Nearly all of those examples can be explained by the existence of a neurological condition that makes processing multiple streams of information in real time impossible.  Each of the five senses is at least one separate stream.  Verbal content another--one stream per person speaking.  Non-verbal content yet another--one stream per person present.  Spatial relationships yet another. Time yet another.  Emotions yet another, if not separate streams for each emotion present in the environment--mine and theirs.  This creates the anxiety which leads to the 'unacceptable' behaviors like social isolation, rituals and rhythmic movements, OCD, inconsistency, getting stuck in a groove, the appearance of self-involvement or selfishness.  All of which are manifestations of information overload and/or attempts to soothe the anxiety or control what seems a chaotic environment.

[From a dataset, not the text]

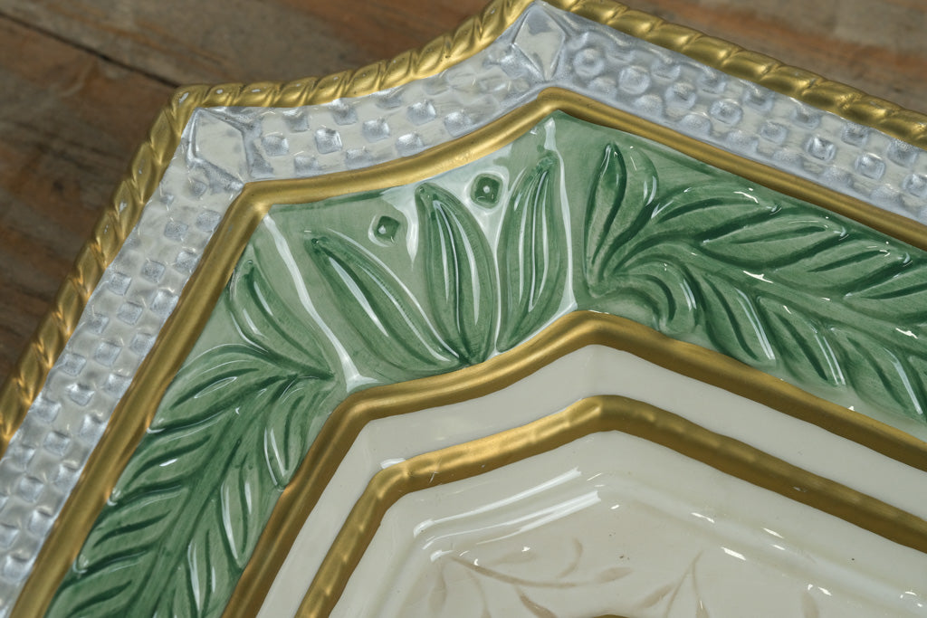 Bring timeless sophistication to your home décor with this handcrafted Fitz & Floyd Home Fragrance Collection decorative tray. Measuring approximately 11 inches square, this elegant ceramic piece showcases embossed leaf patterns in soft cream tones, bordered by hand-painted green and gold accents. The textured silver-tone edge adds depth and refinement, making it an ideal accent tray for potpourri, candles, or display.
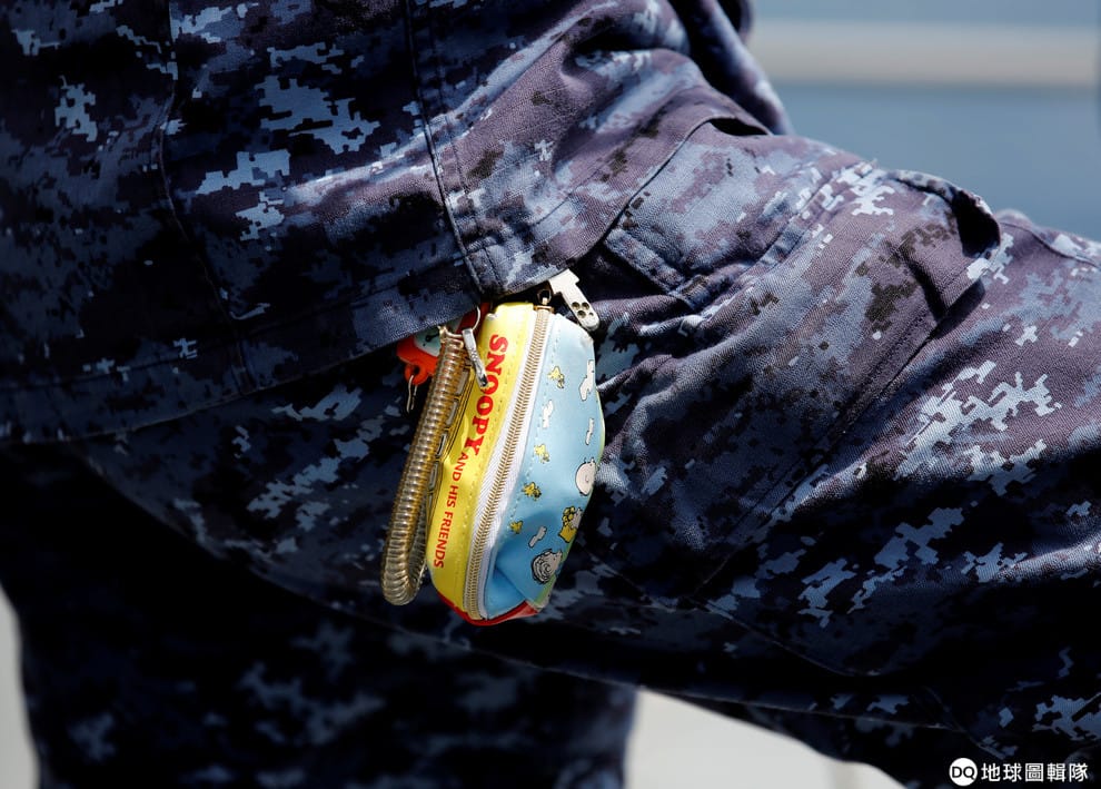 路透社 / 達志影像一名女性領航員在練習升降信號旗時,史努比卡通鑰匙袋從迷彩服下露了出來。

Some of the relief this diagnosis is generating in me relates to the pervasive sense of failure as a human being I've carried for decades because of what seemed to be character flaws preventing me from conforming to expectations--mine or other's.  This sense of failure feeds the depression I've struggled with since at least age 7 and possibly age 4.

Forty odd years after earning my bike I'm still expecting gold star days of myself and never achieving them.  But the chart I've created for myself contains dozens more requirements than Mom's did for me back then.  It's probably impossible for a neuro-typical.  But for someone with the issues I just described above its just cruel.

Now I'm getting a glimpse of a future in which I've forgiven myself for the failure to accomplish the impossible.  For isn't it as unrealistic to expect someone with sensory processing issues to be at ease in a crowd or capable of accomplishing each days tasks to perfection without reminding and with good attitude as it would be to expect a blind person to drive a car or a person with only two limbs to jump rope?